Шойлодже так и не удалось уговорить Комолу пойти к мужу, и она решила, что Комола обижена на Ромеша. "Конечно, ей было на что обидеться, - думала молодая женщина. - Сколько дней они разлучены, а он ни разу не попытался повидаться с ней".
После обеда хозяйка дома Харибхобини удалилась отдохнуть. Тогда Шойлоджа обратилась к Бипину:
- Пойди к Ромеш-бабу и от имени жены позови его во внутренние комнаты. Отец не рассердится, а мама и знать ничего не будет!
Для такого тихого и скромного молодого человека, как Бипин, это поручение было отнюдь не из приятных, но он не смел в праздничный день отказать жене в просьбе.
Между тем Ромеш, постелив на полу коврик, лежал с книгой в руках. Окончив чтение, он собрался было от скуки просмотреть в журнале объявления, но вдруг увидел Бипина и очень обрадовался. Как собеседник Бипин, конечно, не был находкой, но Ромеш решил, что с ним можно скоротать полуденные часы в незнакомом месте, и поэтому приветливо сказал:
- Входите, Бипин-бабу, добро пожаловать! - Но Бипин не сел, а, почесав затылок, заявил:
- Она вас зовет к себе.
- Кто, Комола? - спросил Ромеш.
- Да…
Ромеш был несколько удивлен. Правда, он давно уже решил, что будет, наконец, считать Комолу своей женой. Но по свойственной ему нерешительности был рад некоторой отсрочке. В своем воображении он уже видел Комолу в роли хозяйки и пытался воодушевить себя мыслями о будущем счастье, но первые шаги - всегда самые трудные. Он и представить себе не мог, как в один прекрасный день преодолеет отчужденность, с которой так долго относился к ней. Именно поэтому Ромеш не очень торопился с наймом дома.

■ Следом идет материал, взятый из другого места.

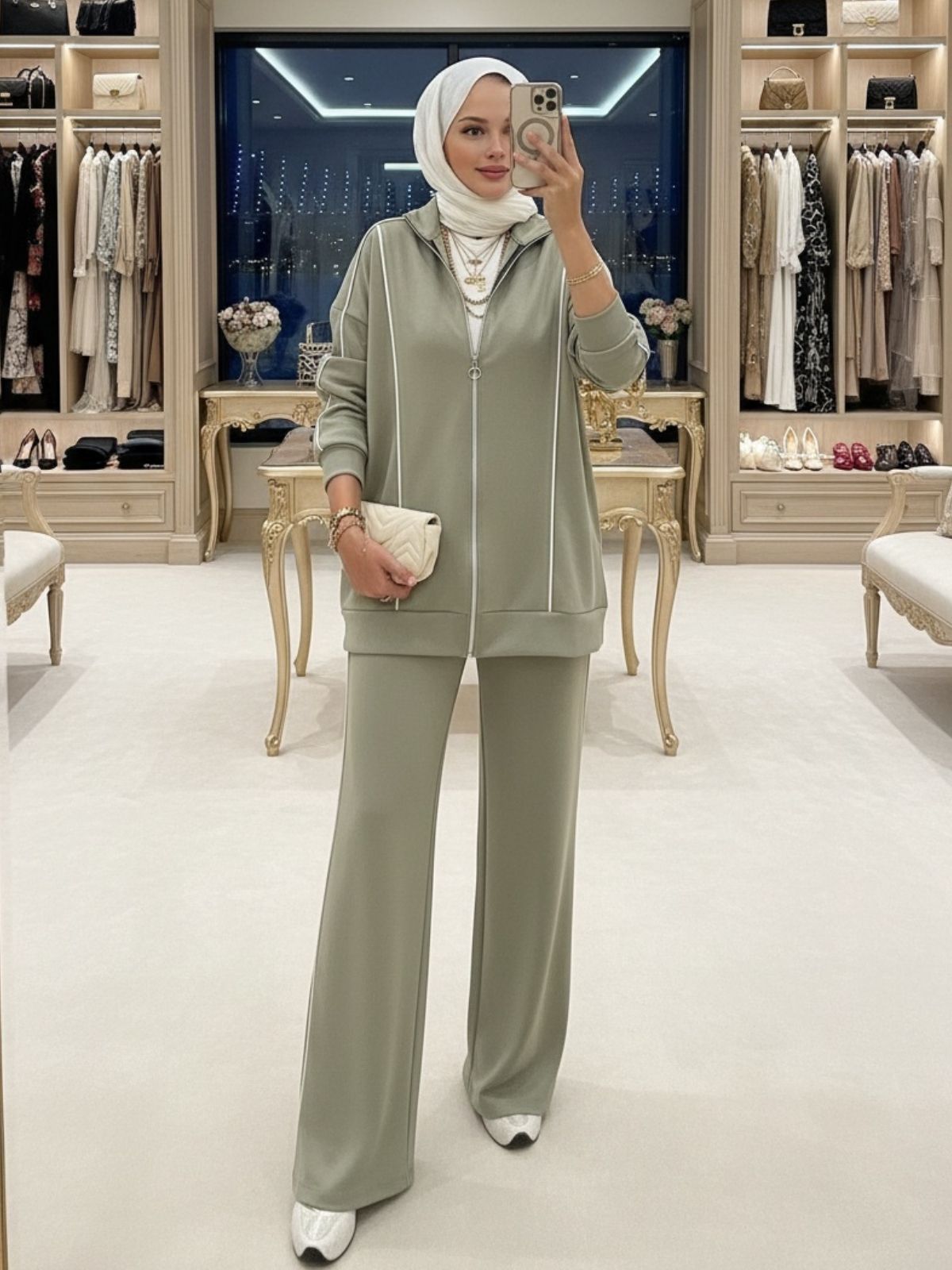 Hem günlük şıklıkta hem özel davetlerde rahatlıkla tercih edilebilecek bu takım, modern zarafeti geleneksel dokunuşlarla buluşturuyor.

Услышав, что Комола зовет его, он решил, что у нее какое-нибудь дело к нему. Но, несмотря на то, что он был почти уверен в правильности своего предположения, приглашение все же взволновало его.
Отложив в сторону журнал, Ромеш направился в зенану. В томительной тишине осеннего полдня, нарушаемой лишь убаюкивающим жужжанием пчел, он чувствовал себя почти как влюбленный, который спешит на свидание. Бипин издали указал ему дверь комнаты и скрылся.
Комола думала, что Шойлоджа отказалась от намерения уговорить ее встретиться с Ромешем и ушла к Бипину. Поэтому она села на пороге у раскрытой двери и стала смотреть в сад.
Сама того не подозревая, Шойла лирически настроила Комолу. От нежного шепота ветерка в саду трепетали ветви деревьев, и тихий шелест листвы временами заставлял сердце девушки вздрагивать в непонятном смятении.
В это время в комнату вошел Ромеш и, подойдя сзади, окликнул:
- Комола!
Девушка очнулась от грез и вскочила, сердце ее бешено забилось. Она, которая никогда раньше не испытывала ни малейшего смущения в присутствии Ромеша, теперь не могла поднять головы и взглянуть на него. Краска стыда залила ее до кончиков ушей.
Нарядная, с непривычным для Ромеша выражением лица, Комола предстала перед ним какой-то иной. И эта новая Комола удивила и очаровала его. Медленно подойдя к ней, он после нескольких секунд молчания нежно спросил:
- Комола, ты звала меня?
Девушка была поражена.
- Нет, нет, не звала, зачем мне тебя звать? - с необычной горячностью воскликнула она.
- Ну, а если бы и позвала, разве это преступление?
- Да нет, я не звала тебя! - проговорила она с удвоенной силой.
- Хорошо! Ты не звала меня, я сам пришел. Так неужели же ты рассердишься и выгонишь меня?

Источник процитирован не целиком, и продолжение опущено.